Lisa Turner, a registered nurse and care co-ordinator, and Ontario Nurses’ Association bargaining unit president said to the Kingston Whig-Standard that the increase they’re looking for still falls below the cost of living.

It is terrible that the workers who help ensure care for so many patients in Ontario are not entitled to a salary that allows them to afford living comfortably. The CCAC workers’ request is reasonable, if not too low, especially considering they say they are only looking to earn wage increases similar to contracts negotiated for nurses working in hospitals, public health, and nursing homes in 2014.

CCAC workers are critical to keeping hospitals open for the most detrimental ailments. As well as to give, what would be considered “low-priority” patients, speedy treatment from the comfort of their own home or somewhere close in their community.

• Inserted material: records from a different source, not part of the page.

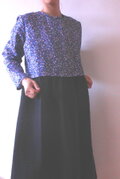生地の切り返し部分は優しいギャザー入りですがギャザーとのつなぎ目部分を隠した使用にしているのですっきり感がありトップスとスカートを着こなしているようなドッキングワンピースデザインにになっています。
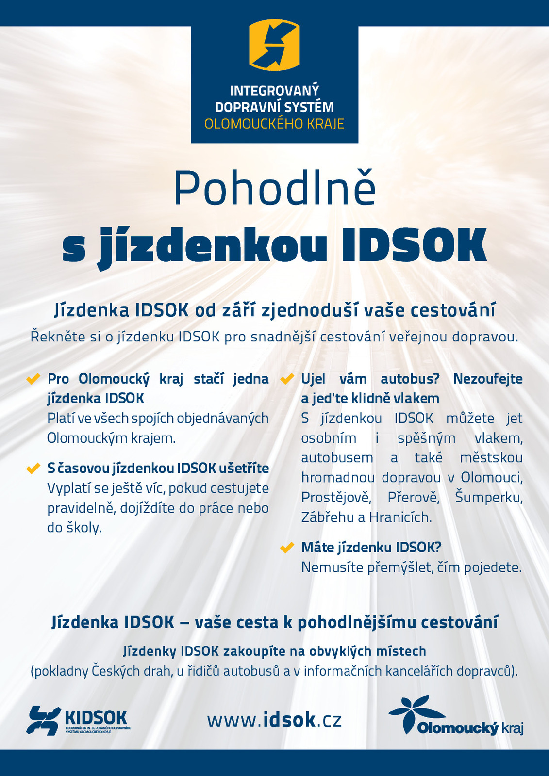 Od září 2016 je možné díky jízdence IDSOK pohodlněji a výhodněji cestovat veřejnou dopravou v Olomouckém kraji
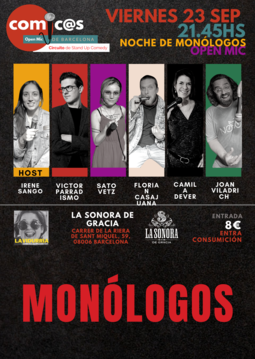 ¿Sabes lo que es un open mic de comedia? Comic@s que viene a probar sus textos de comedia para hacerte reír... Pero ey! Cuidado con las expectativas!!!! igual como puedes reír, puedes llorar o puedes ofenderte o puedes gozar... Pero lo que si es seguro que es la pasarás muy bien viernes a viernes con cómic@s diferentes que vienen con ilusión a mostrarte en pocos minutos sus trabajos humorísticos... ¿Te animas a vivir esta experiencia humorística con nosotros? Pues te esperamos para darlo todo para ti...
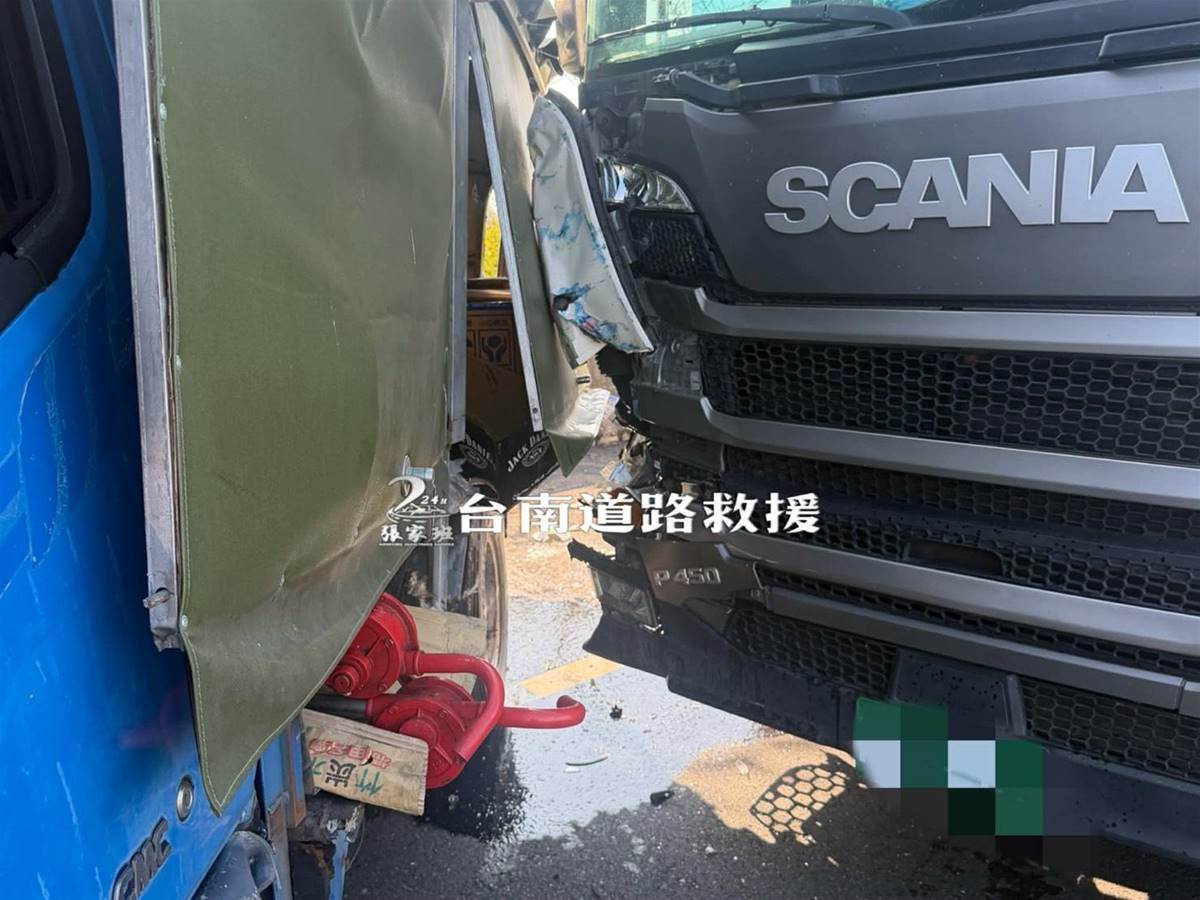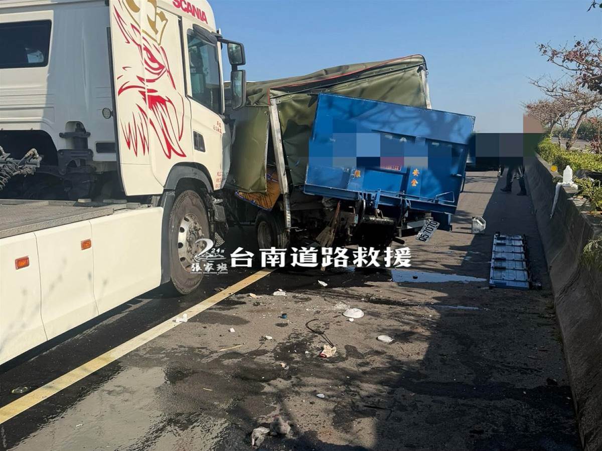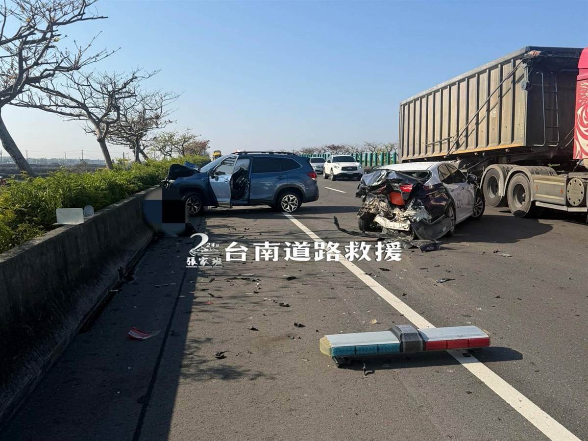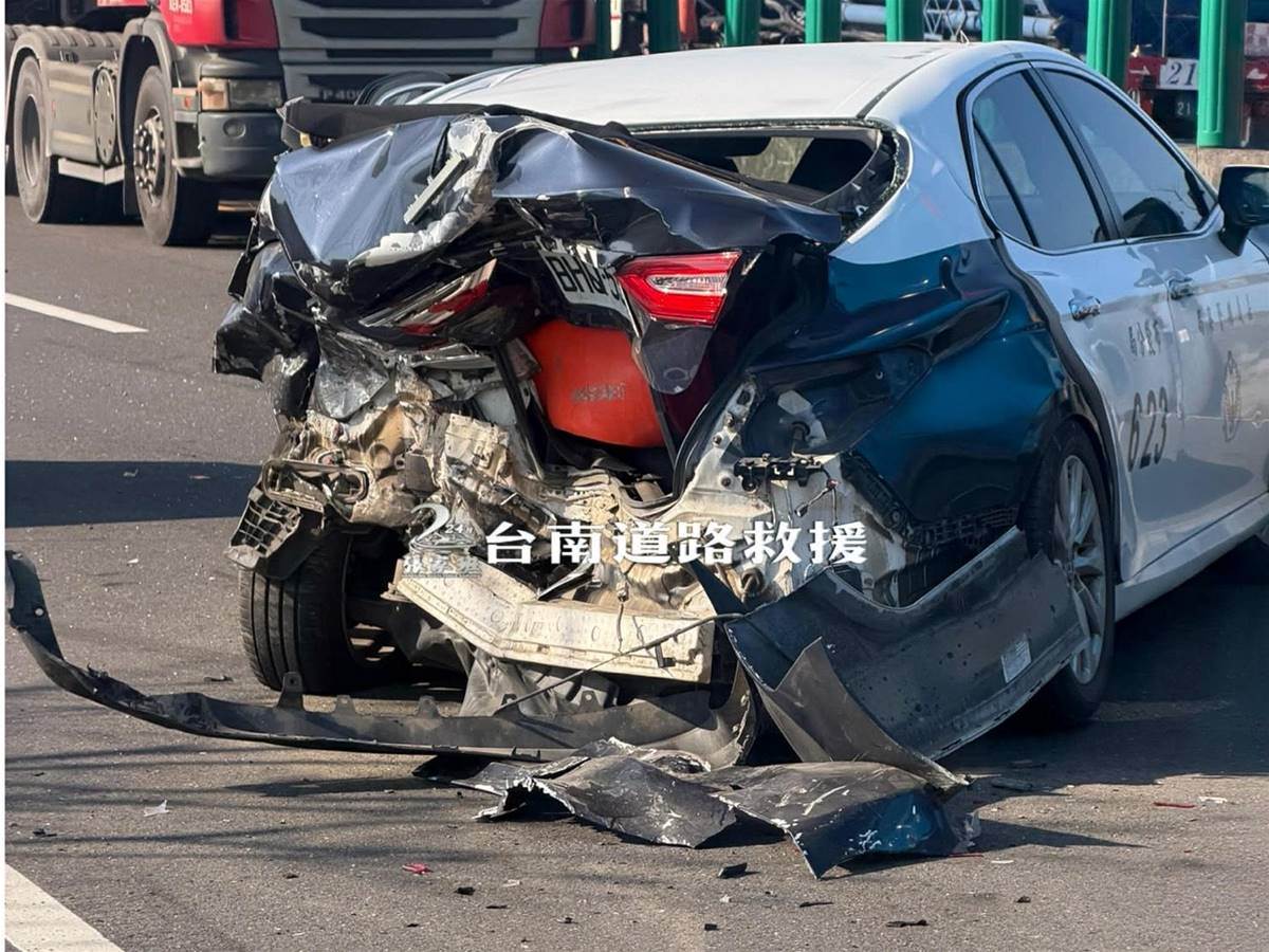 嘉義布袋臺61線西濱快速道路今(18日)發生驚悚事故,據調查上午8點左右先是有一輛故障停路肩的貨車,被大卡車追撞,員警獲報到場處理時,警車也被追撞,車尾當場被撞到炸裂。

By neglecting these health care workers, we’re also neglecting the people of Ontario who deserve to be treated by a variety of health care workers in their home and community.

We cannot treat these health care professionals as though their work is not valuable. We cannot allow them to be paid unfairly because they are not working in the traditional medical environment.

By rejecting their reasonable negotiation request, their employers are telling these crucial medical professionals that their work doesn’t matter.